* Your goal
All of the entries are to be repeated exactly, with no pictures included.
BEGIN Supplied data
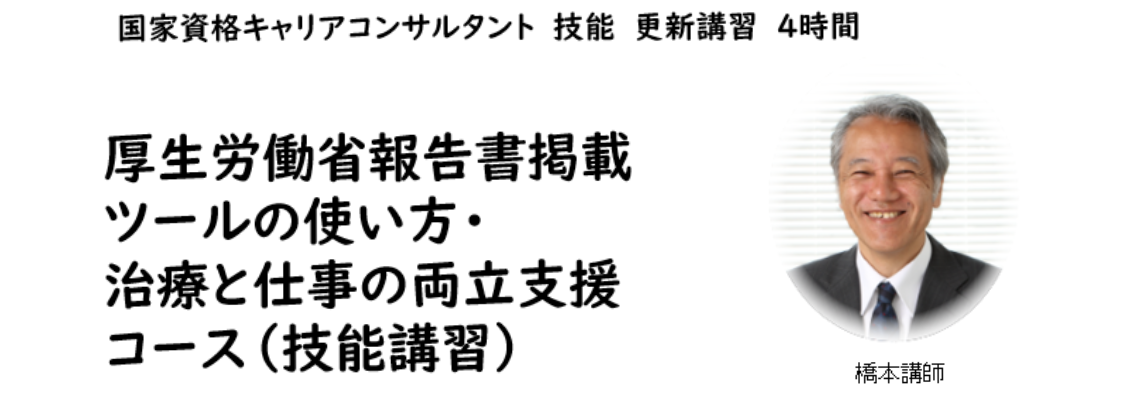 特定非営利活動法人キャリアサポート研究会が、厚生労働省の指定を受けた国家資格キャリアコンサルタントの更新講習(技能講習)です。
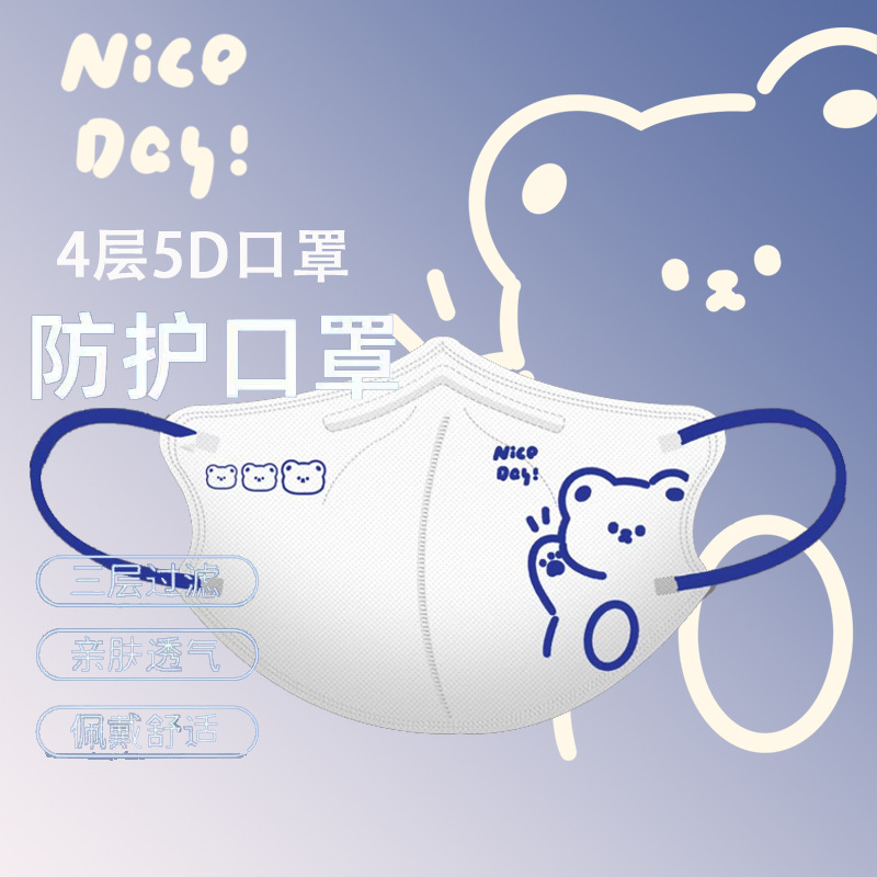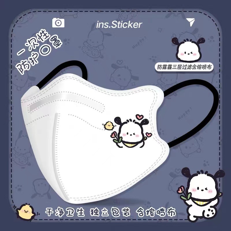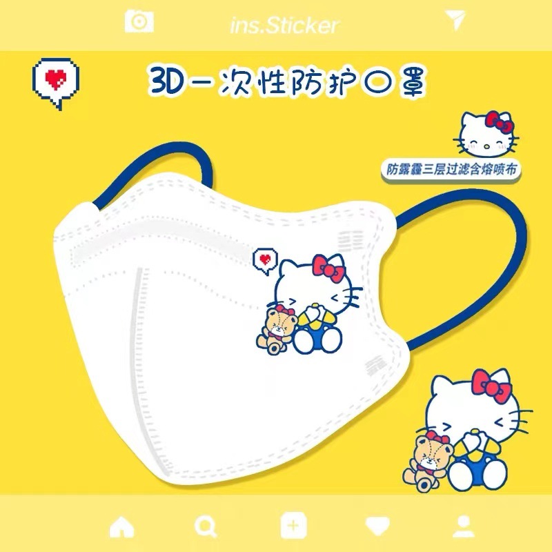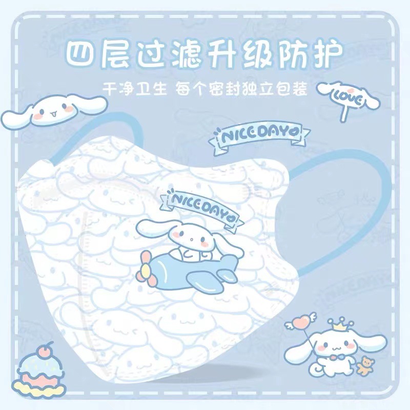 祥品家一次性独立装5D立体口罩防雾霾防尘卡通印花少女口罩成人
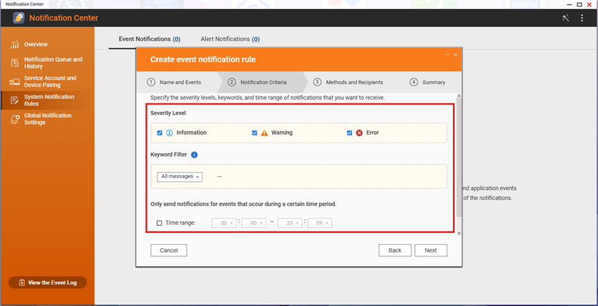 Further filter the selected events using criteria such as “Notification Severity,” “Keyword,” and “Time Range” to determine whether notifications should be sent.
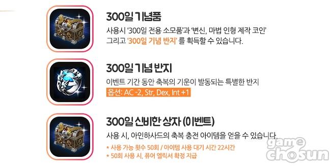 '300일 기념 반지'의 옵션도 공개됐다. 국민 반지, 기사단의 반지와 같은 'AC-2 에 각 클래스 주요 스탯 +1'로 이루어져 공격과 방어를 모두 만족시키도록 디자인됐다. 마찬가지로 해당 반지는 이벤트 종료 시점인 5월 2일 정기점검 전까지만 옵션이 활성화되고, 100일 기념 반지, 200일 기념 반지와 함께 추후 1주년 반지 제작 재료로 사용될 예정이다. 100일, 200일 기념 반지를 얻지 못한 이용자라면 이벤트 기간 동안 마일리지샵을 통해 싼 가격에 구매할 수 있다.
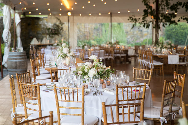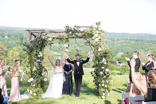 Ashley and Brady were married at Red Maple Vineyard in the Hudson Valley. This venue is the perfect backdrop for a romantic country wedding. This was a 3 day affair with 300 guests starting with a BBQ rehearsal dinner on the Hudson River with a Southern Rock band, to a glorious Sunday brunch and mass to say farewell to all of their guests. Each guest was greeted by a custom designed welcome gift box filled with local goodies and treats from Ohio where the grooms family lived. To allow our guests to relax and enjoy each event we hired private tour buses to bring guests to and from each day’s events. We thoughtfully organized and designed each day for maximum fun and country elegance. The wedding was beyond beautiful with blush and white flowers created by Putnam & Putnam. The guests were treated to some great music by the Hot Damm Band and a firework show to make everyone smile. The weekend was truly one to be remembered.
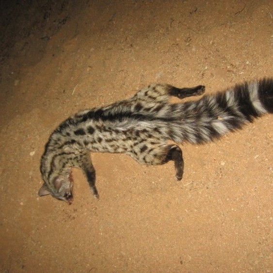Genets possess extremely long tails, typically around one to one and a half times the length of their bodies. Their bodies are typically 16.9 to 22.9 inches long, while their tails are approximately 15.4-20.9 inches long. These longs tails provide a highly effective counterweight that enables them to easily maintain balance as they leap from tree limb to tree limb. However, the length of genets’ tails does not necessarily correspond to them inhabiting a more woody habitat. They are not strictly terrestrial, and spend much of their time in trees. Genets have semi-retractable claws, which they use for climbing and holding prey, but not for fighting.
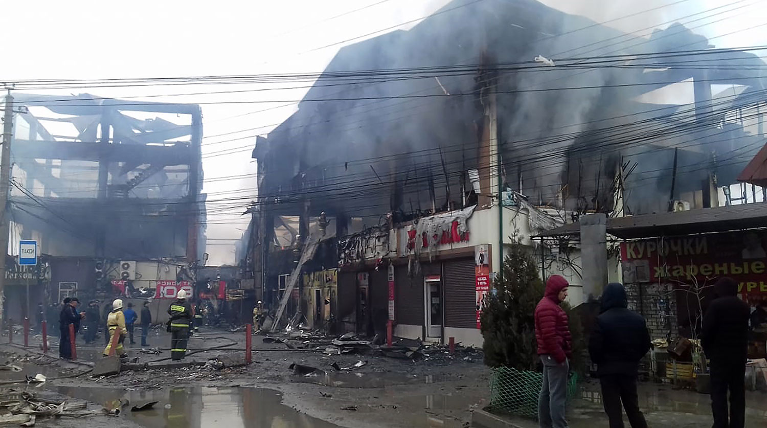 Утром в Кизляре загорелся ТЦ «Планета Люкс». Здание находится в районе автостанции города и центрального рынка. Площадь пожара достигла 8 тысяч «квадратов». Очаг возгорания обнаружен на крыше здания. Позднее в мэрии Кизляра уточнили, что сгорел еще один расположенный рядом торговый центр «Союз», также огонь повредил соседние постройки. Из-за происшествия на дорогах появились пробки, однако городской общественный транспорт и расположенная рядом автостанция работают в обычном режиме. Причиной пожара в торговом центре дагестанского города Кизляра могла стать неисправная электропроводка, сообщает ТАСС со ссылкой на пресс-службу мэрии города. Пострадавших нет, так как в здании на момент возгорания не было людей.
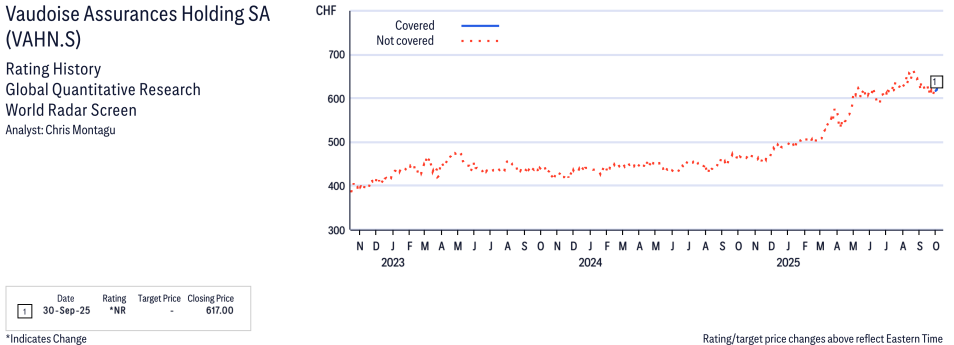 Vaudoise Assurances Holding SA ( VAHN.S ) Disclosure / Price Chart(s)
END Supplied data
* Task output
 特定非営利活動法人キャリアサポート研究会が、厚生労働省の指定を受けた国家資格キャリアコンサルタントの更新講習(技能講習)です。
 祥品家一次性独立装5D立体口罩防雾霾防尘卡通印花少女口罩成人
 Further filter the selected events using criteria such as “Notification Severity,” “Keyword,” and “Time Range” to determine whether notifications should be sent.
 '300일 기념 반지'의 옵션도 공개됐다. 국민 반지, 기사단의 반지와 같은 'AC-2 에 각 클래스 주요 스탯 +1'로 이루어져 공격과 방어를 모두 만족시키도록 디자인됐다. 마찬가지로 해당 반지는 이벤트 종료 시점인 5월 2일 정기점검 전까지만 옵션이 활성화되고, 100일 기념 반지, 200일 기념 반지와 함께 추후 1주년 반지 제작 재료로 사용될 예정이다. 100일, 200일 기념 반지를 얻지 못한 이용자라면 이벤트 기간 동안 마일리지샵을 통해 싼 가격에 구매할 수 있다.
 Ashley and Brady were married at Red Maple Vineyard in the Hudson Valley. This venue is the perfect backdrop for a romantic country wedding. This was a 3 day affair with 300 guests starting with a BBQ rehearsal dinner on the Hudson River with a Southern Rock band, to a glorious Sunday brunch and mass to say farewell to all of their guests. Each guest was greeted by a custom designed welcome gift box filled with local goodies and treats from Ohio where the grooms family lived. To allow our guests to relax and enjoy each event we hired private tour buses to bring guests to and from each day’s events. We thoughtfully organized and designed each day for maximum fun and country elegance. The wedding was beyond beautiful with blush and white flowers created by Putnam & Putnam. The guests were treated to some great music by the Hot Damm Band and a firework show to make everyone smile. The weekend was truly one to be remembered.
Genets possess extremely long tails, typically around one to one and a half times the length of their bodies. Their bodies are typically 16.9 to 22.9 inches long, while their tails are approximately 15.4-20.9 inches long. These longs tails provide a highly effective counterweight that enables them to easily maintain balance as they leap from tree limb to tree limb. However, the length of genets’ tails does not necessarily correspond to them inhabiting a more woody habitat. They are not strictly terrestrial, and spend much of their time in trees. Genets have semi-retractable claws, which they use for climbing and holding prey, but not for fighting.
 Утром в Кизляре загорелся ТЦ «Планета Люкс». Здание находится в районе автостанции города и центрального рынка. Площадь пожара достигла 8 тысяч «квадратов». Очаг возгорания обнаружен на крыше здания. Позднее в мэрии Кизляра уточнили, что сгорел еще один расположенный рядом торговый центр «Союз», также огонь повредил соседние постройки. Из-за происшествия на дорогах появились пробки, однако городской общественный транспорт и расположенная рядом автостанция работают в обычном режиме. Причиной пожара в торговом центре дагестанского города Кизляра могла стать неисправная электропроводка, сообщает ТАСС со ссылкой на пресс-службу мэрии города. Пострадавших нет, так как в здании на момент возгорания не было людей.
 Vaudoise Assurances Holding SA ( VAHN.S ) Disclosure / Price Chart(s)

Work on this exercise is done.